Hi,

"The story plays on the idea of perspectives ..."

What does plays on mean here exactly? According oxford advanced learners dictionary the phrasal verb 'play on' means 'to take advantage of somebody’s feelings, etc.' and the synonym listed is 'exploit'.

Also, would it be more correct to say "the story plays with the idea of perspectives"? 

Thank you.

Prashobhini. 

 

 

Original Post
prashobhini posted:

Hi,

"The story plays on the idea of perspectives ..."

What does plays on mean here exactly? According oxford advanced learners dictionary the phrasal verb 'play on' means 'to take advantage of somebody’s feelings, etc.' and the synonym listed is 'exploit'.

Hello, Prashobhini,

Exploiting something (making use of or deriving benefit from something) needn't involve taking advantage of somebody's feelings. Ideas can be exploited.

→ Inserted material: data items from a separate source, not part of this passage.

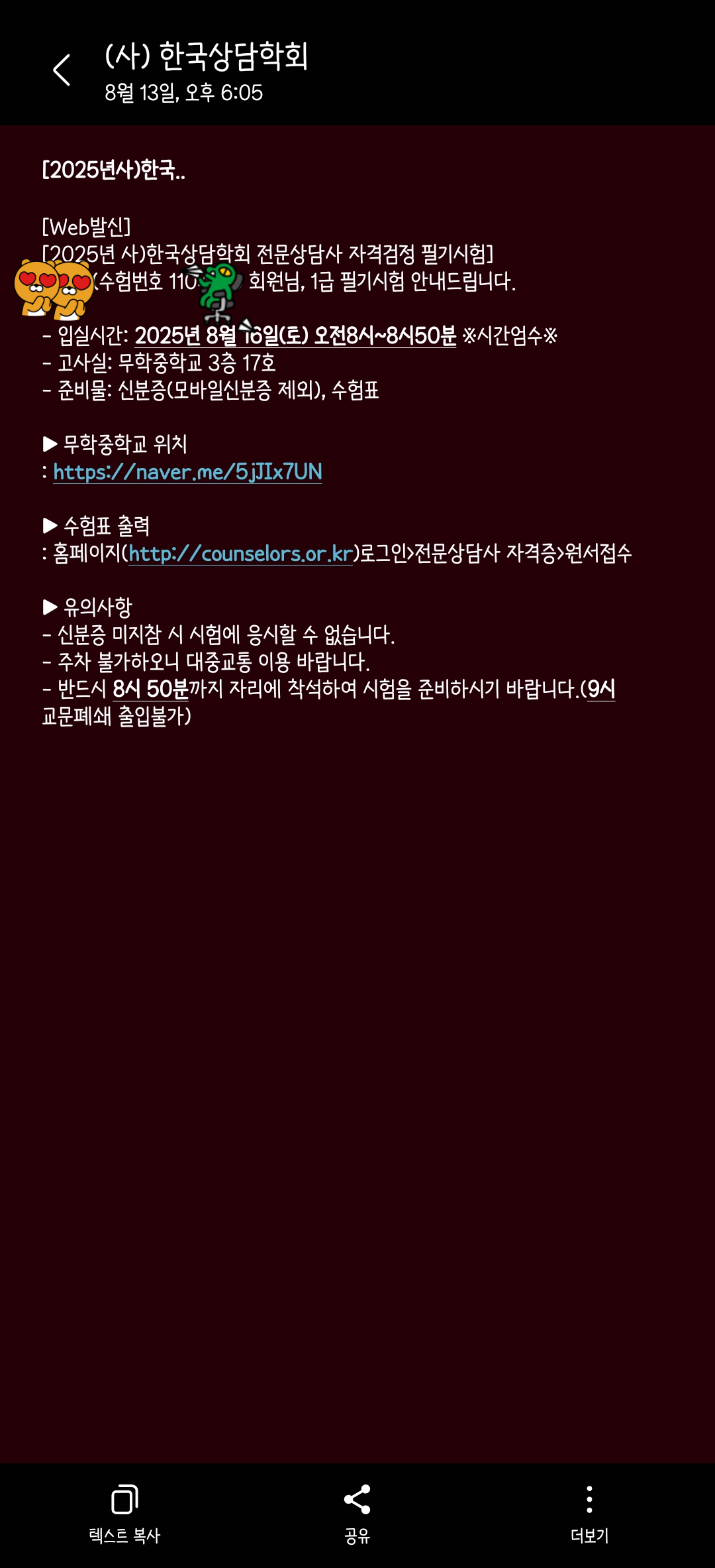 학회는 친절하다. 오전 8시부터 8시 50분 사이에 반드시 입실하라고 미리 안내 문자가 왔다. 전날 수험표와 신분증을 야무지게 챙겼다.
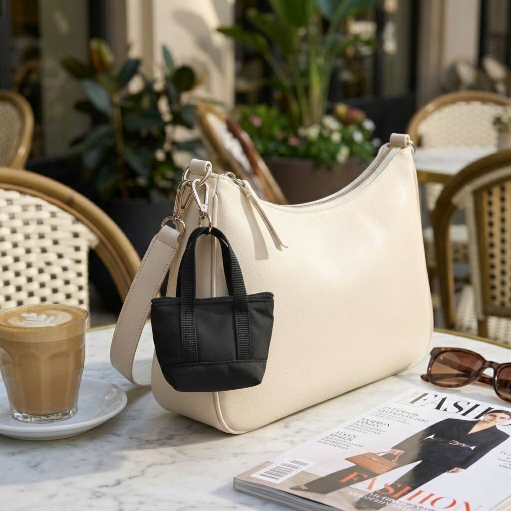 packlab Micro Nano Tote Keychain - Black Mini Tote Bag Coin Purse for Cards, Lip Balm & Everyday Essentials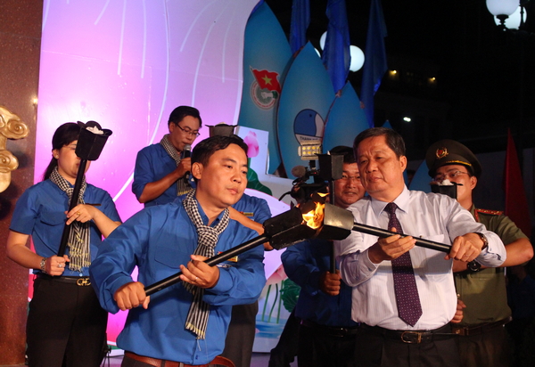 Đồng chí Phạm Văn Hiểu - Phó Bí thư Thường trực Thành ủy Cần Thơ, Chủ tịch HĐND thành phố trao ngọn lửa truyền thống cho tuổi trẻ Cần Thơ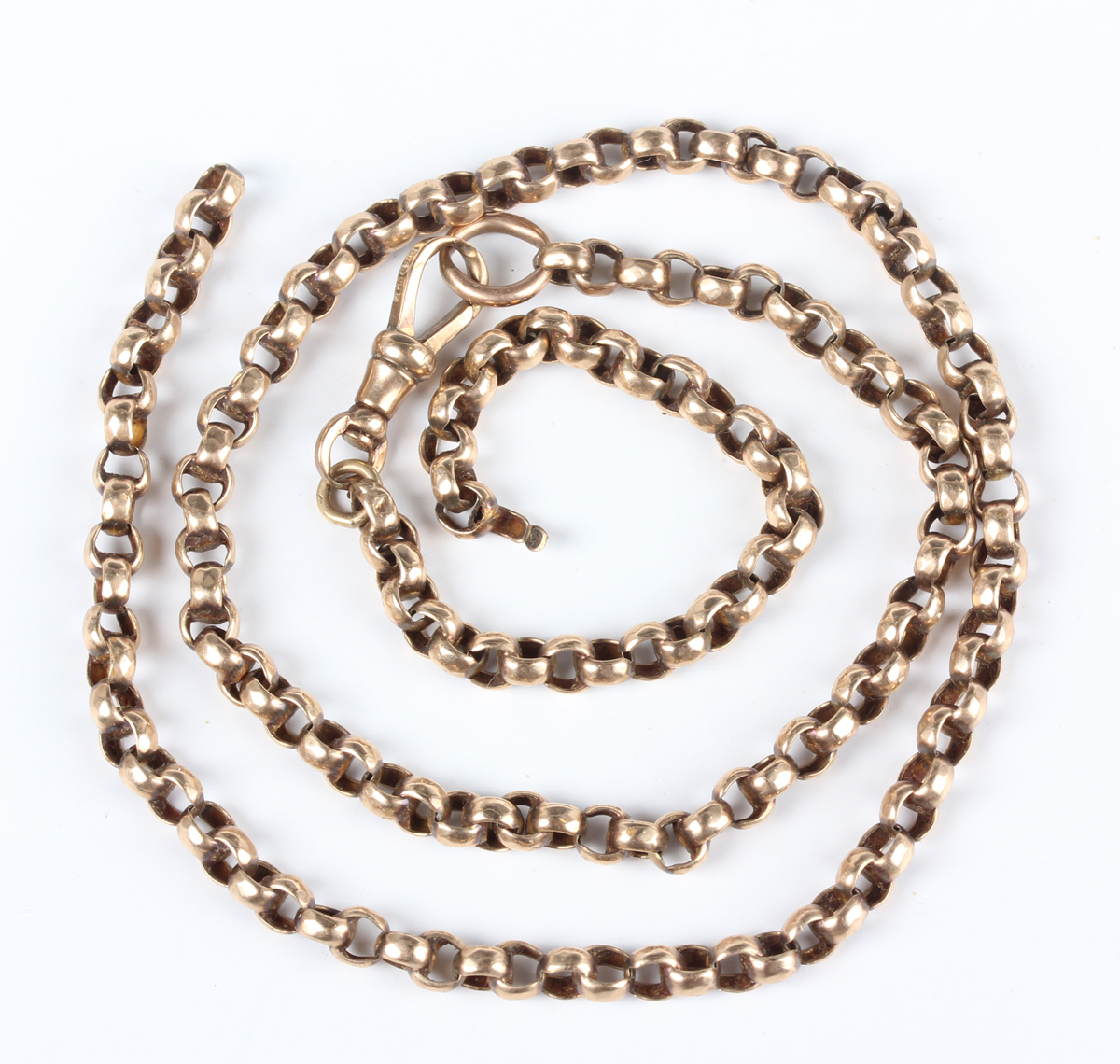 A gold circular link neckchain on a swivel clasp, detailed ‘9c’, weight 14.2g, length 49cm (chain broken).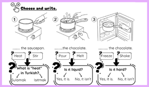 4. sınıf İngilizce dersi 6. Ünite “Fun with Science” kazanımlarını desteklemek amacıyla hazırladığımız, öğrencilerin bilimsel kavramları eğlenerek öğrenmelerini hedefleyen çalışma kağıdı sizlerle.. Çalışmada heat, melt, freeze, stir, pour, shake gibi temel bilim ve deney temalı kelimeler günlük yaşamdan örneklerle ele alınmış; öğrencilerin kelime bilgisi, okuma-anlama ve yazma becerileri bütüncül bir şekilde desteklenmiştir.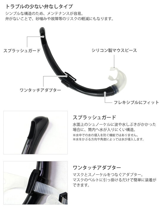 【ブランド】VAXPOT(バックスポット) 【型番】VA-5260 【特徴】 ・シュノーケル&マスクセット ・折りたたみ式シュノーケル(専用ケース付き) ・シリコン製マウスピース ・水が入りにくい構造のスプラッシュガード ・視野の広い一眼レンズ ・ダブルスカートで顔にフィットしやすい ・クリアスカートで明るい視界を確保 ・強化ガラスレンズ使用 ・ベルトの長さ調節が簡単なワンタッチバックル 【説明】 コンパクトに収納が可能な折りたたみ式のシュノーケルと、クリアな視界で水中を楽しむことができるマスクのセット。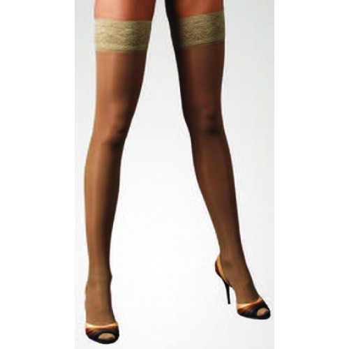 Чулки выполнены из специального материала, который создает строго градуированную степень компрессии: 100 % в самой узкой части щиколоток, 70% в области голени и 40% в области бедра.

The OED (Oxford English Dictionary) gives many more definitions of "play on" than your learner's dictionary does. Still, "make use of / exploit" fits the best.

Quote:

to play upon ——  (also to play on ——)

 1. intransitive. to play on (also upon) words (also the word): to pun; to make a play on words.Cf. quot. 1597 at sense 12b.

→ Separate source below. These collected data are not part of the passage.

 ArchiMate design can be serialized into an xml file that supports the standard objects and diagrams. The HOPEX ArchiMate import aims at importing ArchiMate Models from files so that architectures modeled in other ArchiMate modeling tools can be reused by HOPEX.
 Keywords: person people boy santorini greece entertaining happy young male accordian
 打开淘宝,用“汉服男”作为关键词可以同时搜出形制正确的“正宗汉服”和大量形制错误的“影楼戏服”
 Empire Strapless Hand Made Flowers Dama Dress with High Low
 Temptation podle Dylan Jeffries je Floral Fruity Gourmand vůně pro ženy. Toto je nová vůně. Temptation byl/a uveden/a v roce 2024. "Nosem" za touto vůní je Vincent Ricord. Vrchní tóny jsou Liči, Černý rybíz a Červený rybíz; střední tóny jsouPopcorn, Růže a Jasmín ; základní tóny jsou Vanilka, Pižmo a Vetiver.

1600   W. Shakespeare Merchant of Venice iii. v. 41   How euery foole can play vpon the word.  
1683   D. A. Whole Art Converse 125   They play often upon words.
1734   T. Cooke Andrian i. iv. 95 (note)    Our Poet often plays upon Words; and this Sort of Wit we find in the 23d Verse of the Prologue.
1861   T. Wright Ess. Archæol. II. xxiii. 231   The wit or ingenuity of our Anglo-Saxon forefathers was chiefly exerted in playing upon words.
1876   G. O. Trevelyan Life & Lett. Macaulay I. iii. 134   He did not play upon words as a habit.
1978   P. Barolsky Infinite Jest iv. 97   On giving the cardinalate to the very young Innocenzo Cibo, Pope Leo, who himself was made a cardinal at an early age by Pope Innocent VIII, played on words when he remarked, ‘What I received from Innocent, I repay to Innocent.’
2004   Times of India (Nexis) 6 June   ‘The member from Bolpur will not get much chance to speak,’ Vajpayee remarked in his inimitable style playing on the word ‘Bol-pur’.
 

 2. intransitive. To make use of, take advantage of (a quality or disposition in another person).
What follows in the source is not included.